The Southwold Sailors' Reading Room opened on 2 June 1864. The funds for the building were provided by Mrs Frances Rayley, the money being donated in memory of her Royal Navy husband Captain Rayley, who was born in London in 1780 and died in May 1863, having lived in Southwold in his later years.

Whilst living in Southwold Captain Rayley became involved with a number of local organisations supporting the community, taking on roles such as the Chairmanship of Southwold Union Book Club. Following his death, his wife Frances decided that the building of a dedicated reading room in Southwold would provide a suitable memorial to her husband's memory.

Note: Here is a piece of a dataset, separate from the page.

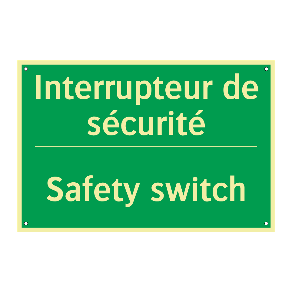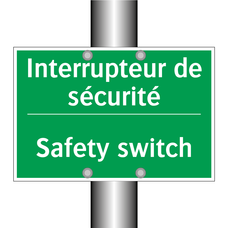Panneau de secours bilingue avec texte en français : "Interrupteur de sécurité", et en anglais : "Safety switch"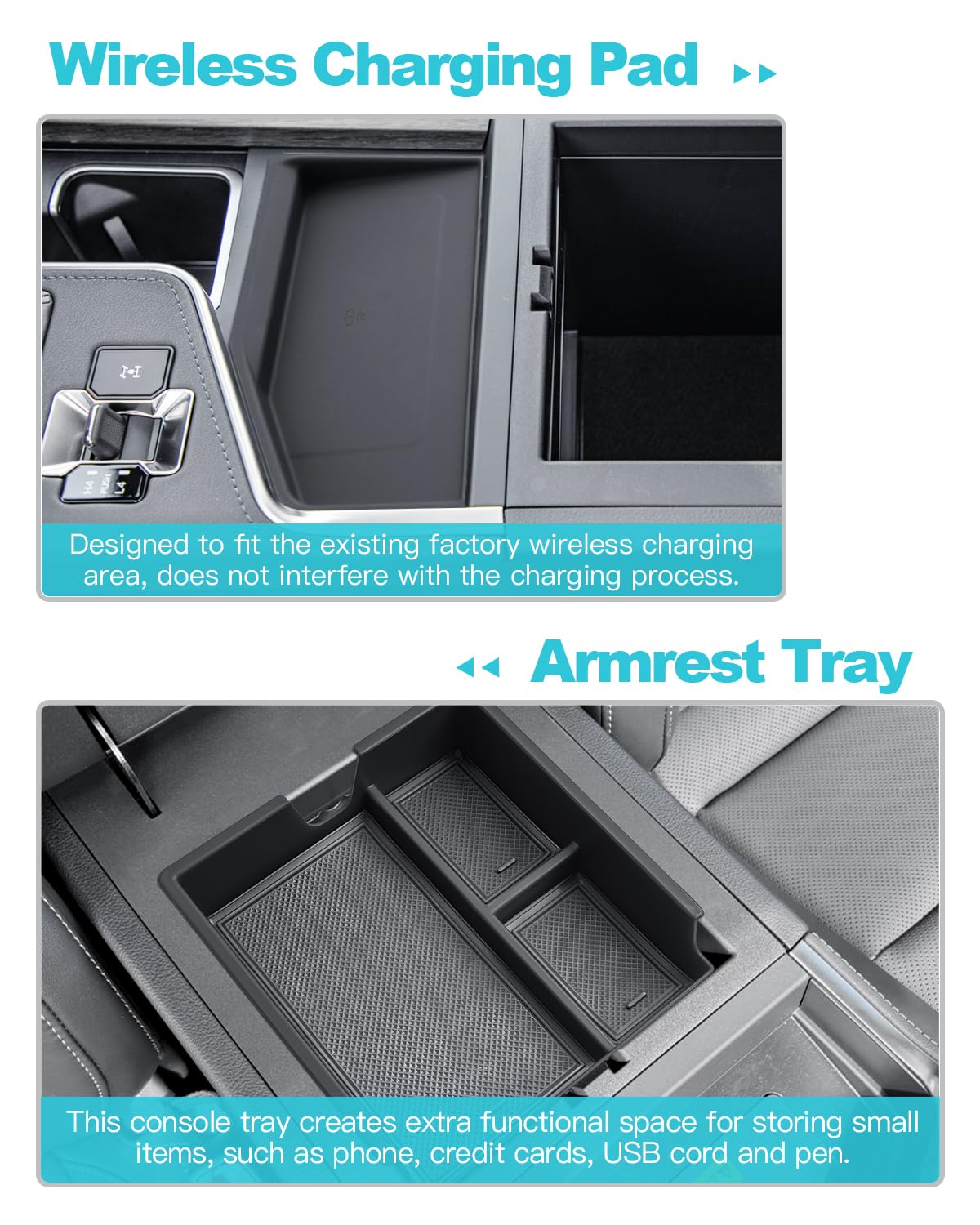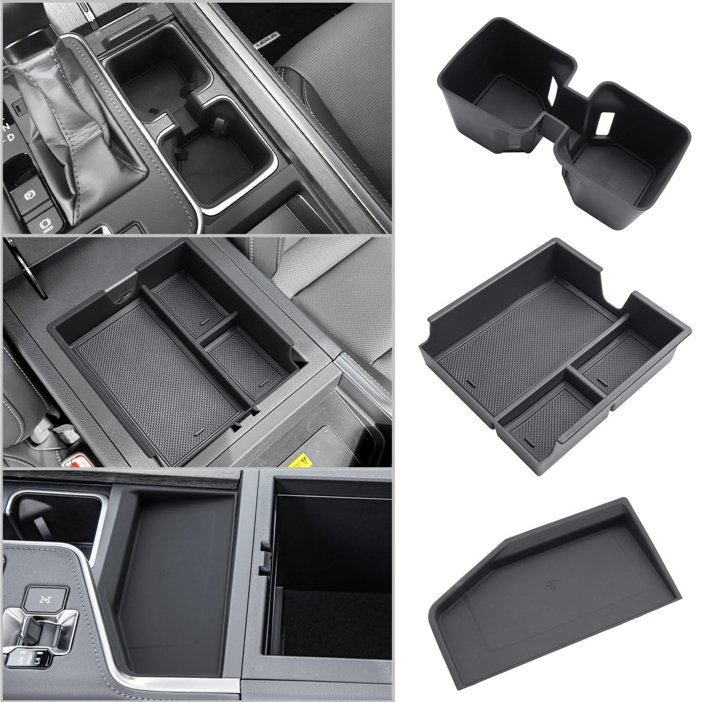 CDEFG 3PCS for 2024 GX 550 Center Console Organizer Tray for 2024 GX 550 Central Consola Middle Armrest Tray Wireless Charging Pad Cup Holder Storage Box 2024 2025 GX 550 Interior AccessoriesCompatible with: 2024 GX 550 Premium,GX 550 Luxury,GX 550 Overtrail(Not for Trims with Cool Box) PRODUCT FEATURES: 1. Material: ABS Plastic2. Available Colors: Black3. Package Contents: 1 x 2024 GX 550 Organizer, 1 Set of Anti Slip MatsWhy Should the 2024 2025 GX 550 Owners Have This Organizer Installed? 1. The factory 2024 GX 550 armrest is deep and everything just got lost at the bottom, adding this 2024 GX 550 center console organizer to your car makes everything organized and settle your items easier.2. Refuse the coins and cards to scatter all over the 2024 GX 550 interior. Makes your armrest organized and looks much cleaner 3. Easy to install, helps keep everything organized. Leaves plenty of room for 2024 GX 550 console storage. 4. This organizer comes with removable non-slip rubber mats on the bottom for each compartment helps keep unnecessary noise down along with the 2024 GX 550 organizer.5. The rubber mats is easily removable for cleaning, you can remove it if you need to clean. 6. Better classification of items, easier to find. 2024 GX 550 Organizers can store mobile phones, cards, pens, coins, etc.7. The precise fit of the 2024 GX 550 organizer storage compartments.8. Solid and durable, it wont slide out when stopping, accelerating or decelerating.9. Cute and practical, its near at your hand. Convenient to classify your small items in car and makes the console much better than the factory 2024 GX 550 console

The original purpose of the Reading Room was to provide a place for sailors and fishermen to meet, read and talk. This was considered preferable to spending time and money in one of the pubs in Southwold.

Ownership of the Southwold Sailors' Reading Room changed hands four times but at last, in 1972, two local sisters, Miss Nancy Fox and Mrs Joan Philpot, purchased the Reading Room building, and formed the Southwold Sailors Reading Room Association, registered charity No 1150918.\

The Southwold Reading Room Rules has strict rules that include the following prohibitions: "There shall be no Swearing, no Gambling, no Improper Language, or Bad Behaviour...neither Beer nor Spirits". Rule 8 states that "no Newspaper be retained by any Member longer than 10 minutes after it has been asked for, and that no Member on any account be permitted to take any Newspaper out of the Room".